Hubungan antara faktor-faktor inilah yang digunakan oleh Frank dan koleganya untuk menciptakan model perkembangan peradaban ekstraterrestrial. Seperti yang dipaparkan oleh Frank dalam artikelnya tentang riset ini yang dimuat The Atlantic , model perkembangan peradaban buatan mereka memperlihatkan tiga jenis lintasan utama perabadaban alien.
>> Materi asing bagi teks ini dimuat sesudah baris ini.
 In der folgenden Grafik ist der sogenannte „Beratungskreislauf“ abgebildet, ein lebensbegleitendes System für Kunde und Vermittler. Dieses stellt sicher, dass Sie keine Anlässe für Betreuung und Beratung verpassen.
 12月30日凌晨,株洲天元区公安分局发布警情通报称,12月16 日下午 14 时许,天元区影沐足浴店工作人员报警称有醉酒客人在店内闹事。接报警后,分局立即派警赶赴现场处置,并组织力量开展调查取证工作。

Lintasan yang paling umumnya disebut dengan “the die off” dan seperti namanya, lintasan yang satu ini berakhir dengan kurang aduhai.
Tonton dokumenter VICE menemui orang yang mengaku dapat berkomunikasi dengan alien:
Dalam model perhitungan ini, sebuah peradaban tumbuh dengan sangat cepat begitu mereka bisa memanfaatkan bahan bakar fosil hingga cepat sekali melampui batas daya tampung planet. Hasil sebagian besar populasi meregang nyawa sampai peradaban tersebut mencapai titik ekuilibrium.
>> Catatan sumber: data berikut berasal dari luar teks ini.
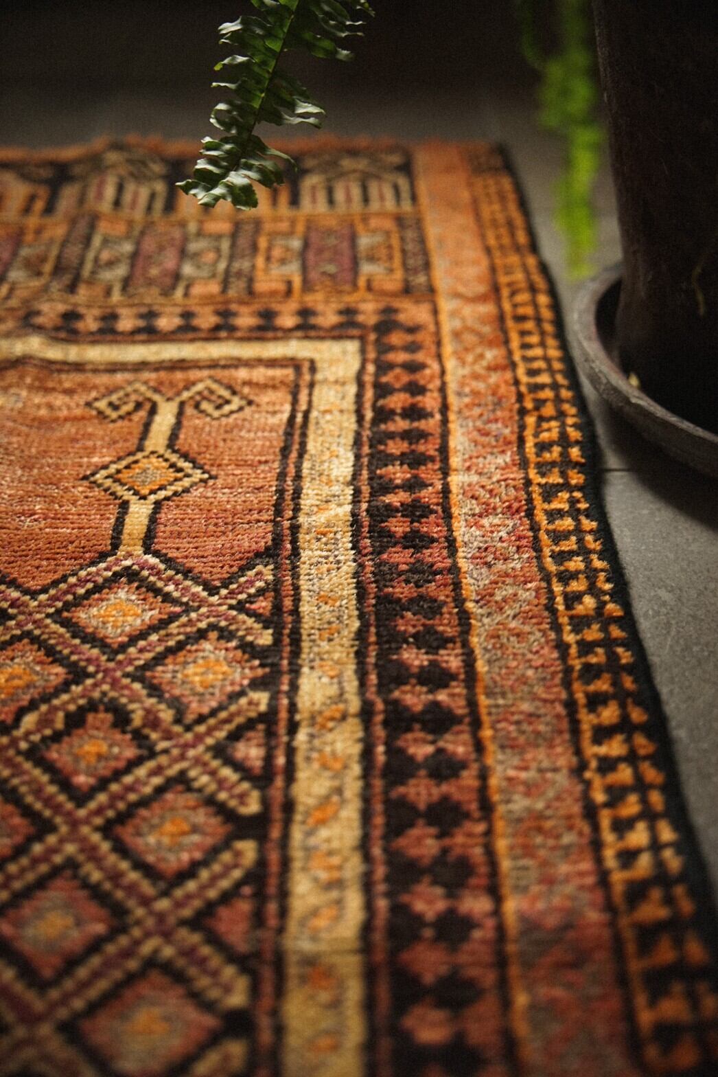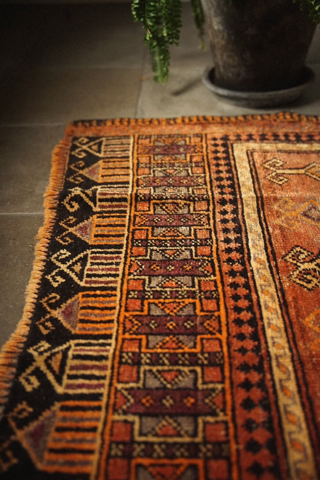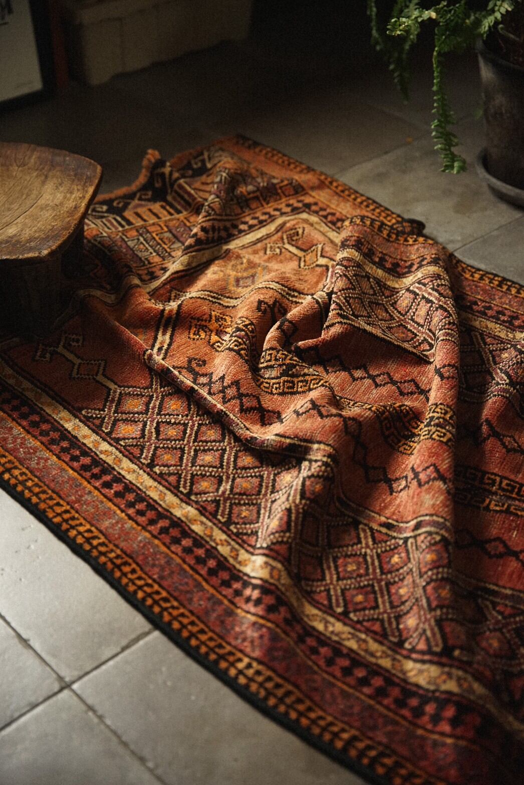 アブラッシュと呼ばれるグラデーションが美しいオレンジ色のマルダリラグ。

“Dalam banyak model, kami menyaksikan 70 persen populasi punah sebelum sebuah peradaban mencapai kondisi yang stabil,” tulis Frank. “Dalam kenyataannya, belum jelas apakah peradaban dengan teknologi kompleks seperti kita bisa melalui malapetaka besar semacam itu.”
Kemungkinan kedua, yang disebut Frank sebagai “Soft Landing,” menunjukkan sebuah transisi menuju rezim penggunaan energi bersih saat populasi sebuah peradaban meningkat. Pada model ini, ekuilibrium bisa dicapai tanpa harus mengorbankan sejumlah besar populasi.
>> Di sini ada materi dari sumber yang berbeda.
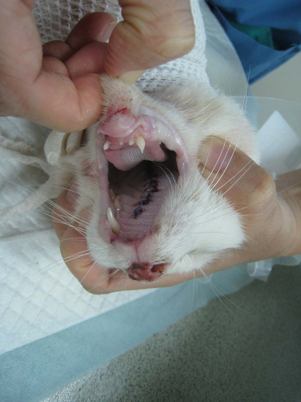 前天十全做了顎裂的縫合手術,手術相當順利,由於口腔的手術會讓十全無法進食,所以幫十全接了一條食道餵管,將食物直接注射到食道內,讓口腔的傷口盡快好起來;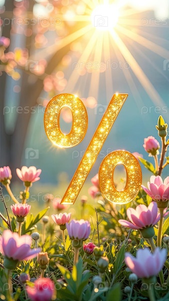 Золотой прозрачный процентный знак в солнечных лучах, украшен весенними пастельными цветами.Весенняя распродажа и скидки, 8 марта, Пасха, баннер женского дня, флаер с копировальным пространством. ИИ генерируется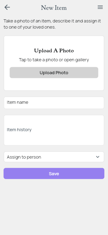 Quickly add belongings with a photo, name, and notes - ideal for sentimental items that matter most.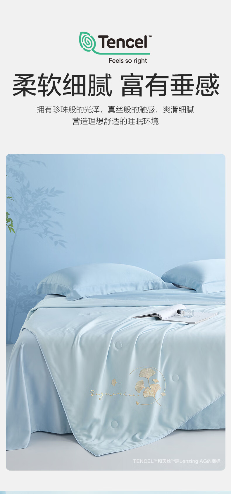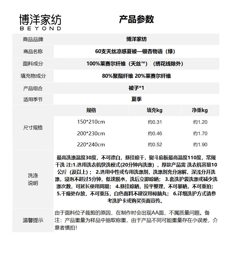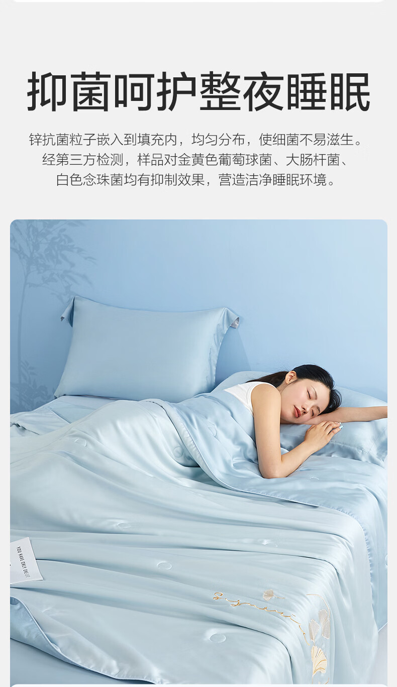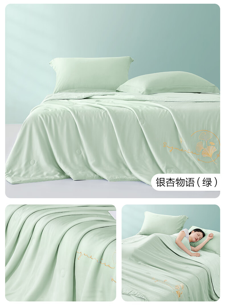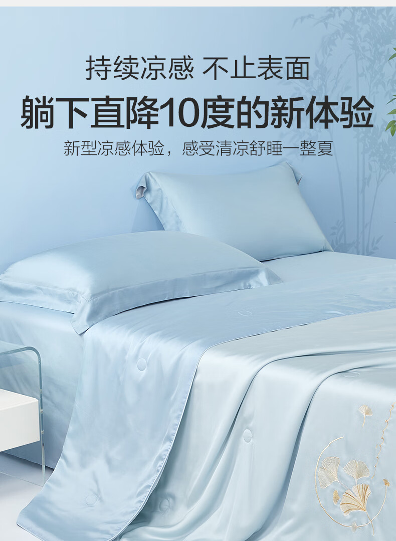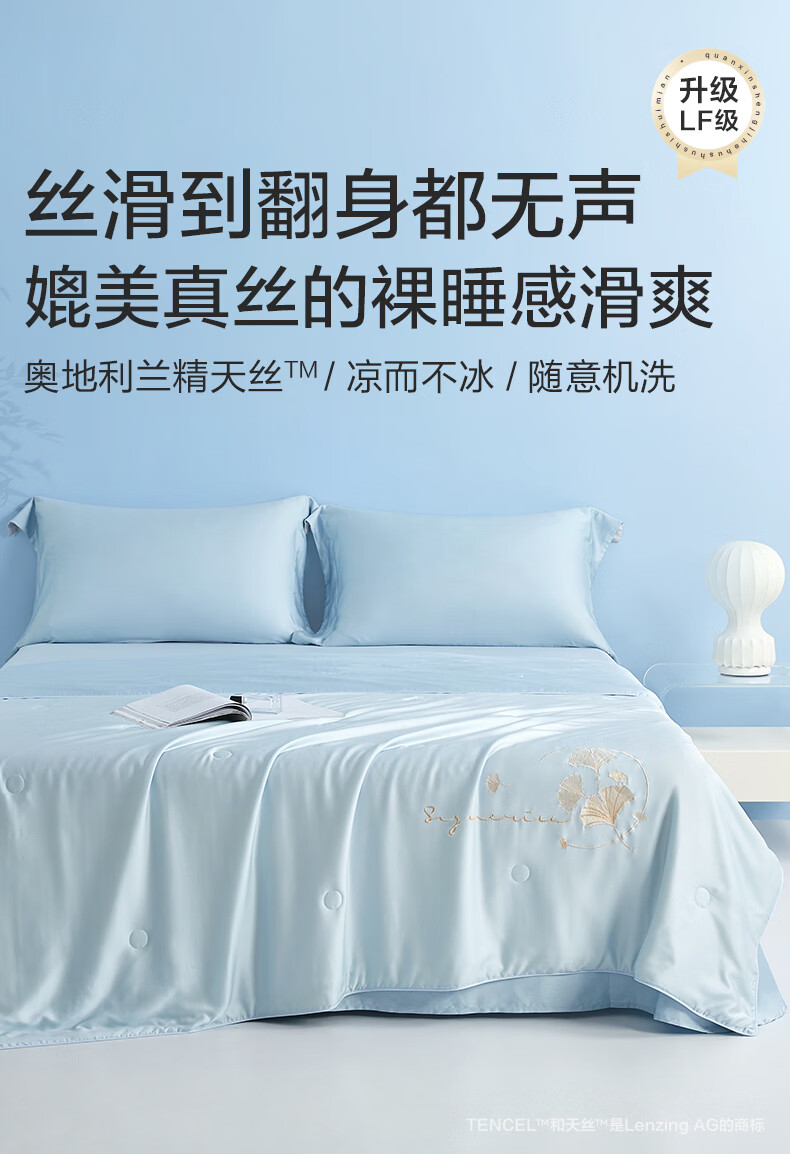 博洋(BEYOND)博洋家纺60S兰精天丝夏凉被空调被可机洗莱赛尔夏天凉感被 60支天丝凉感夏被—银杏物语(蓝) 150*210cm

Lalu, ada opsi ketiga, yang berupa kepunahan total sebuah peradaban. Dalam model ini, sebuah planet terlalu sensitif untuk bisa menyokong peradaban yang gencar memanfaatkan bahan bakar fosil. Imbasnya, seluruh populasi di planet tersebut musnah. Kendati pergeseran ke energi yang terbarukan terkesan bisa mencegah lenyapnya sebuah peradaban, Frank menulis bahwa dalam beberapa model bahkan transisi cepat menuju rezim energi bersih hanya menghambat kemusnahan sebuah peradaban.
“Dalam model yang menunjukan adanya ‘kemusnahan yang terhambat,, pelakunya adalah mesin internal sebuah planet,” jelas Frank dalam tulisannya. “Jika sebuah planet dieksploitasi terlalu keras, planet itu tak akan bisa kembali ke kondisi semulanya.”
Ini bisa terjadi di planet-planet yang tak memiliki peradaban sekalipun. Malah, banyak pakar ilmu planet yakin bahwa Venus pernah memliki kondisi serupa Bumi. Akan tetapi karena produksi gas rumah kaca yang kelewat tinggi, planet itu kini tak ubahnya seperti planet neraka.
Pada akhirnya, tiga opsi model perkembangan peradaban ekstraterrestrial ini lebih banyak memperlihatkan kemungkinan masa depan peradaban manusia, dibanding menjawab soal peradaban alien di luar sana. Model-model matematis tersebut menekankan pentingnya pemahaman iklim Bumi agar kita bisa menciptakan model evolusi planet yang lebih realistis. Melalui permodelan inilah, kita bisa menentukan apakah umat manusia punya masa depan dan berada di level yang sama dengan peradaban alien yang mampu melewati krisis, serta mencapai titik ekuilibrium di planet mereka.
“Narasi sebenarnya dari permodelan tentang perubahan iklim tak sesempit kepentingan bisnis vs. kaum environmentalists,” tulis Frank. “Sebaliknya, kondisi tersebut adalah sebuah ujian di level kosmik. Ujian yang akan menentukan apakah umat manusia sanggup bergabung dengan peradaban lain yang berhasil melewati masa krisis—atau kemungkinan jadi peradaban yang terlalu picik hingga tak mampu menjaga planet yang kita tinggali.”
Artikel ini pertama kali tayang di Motherboard.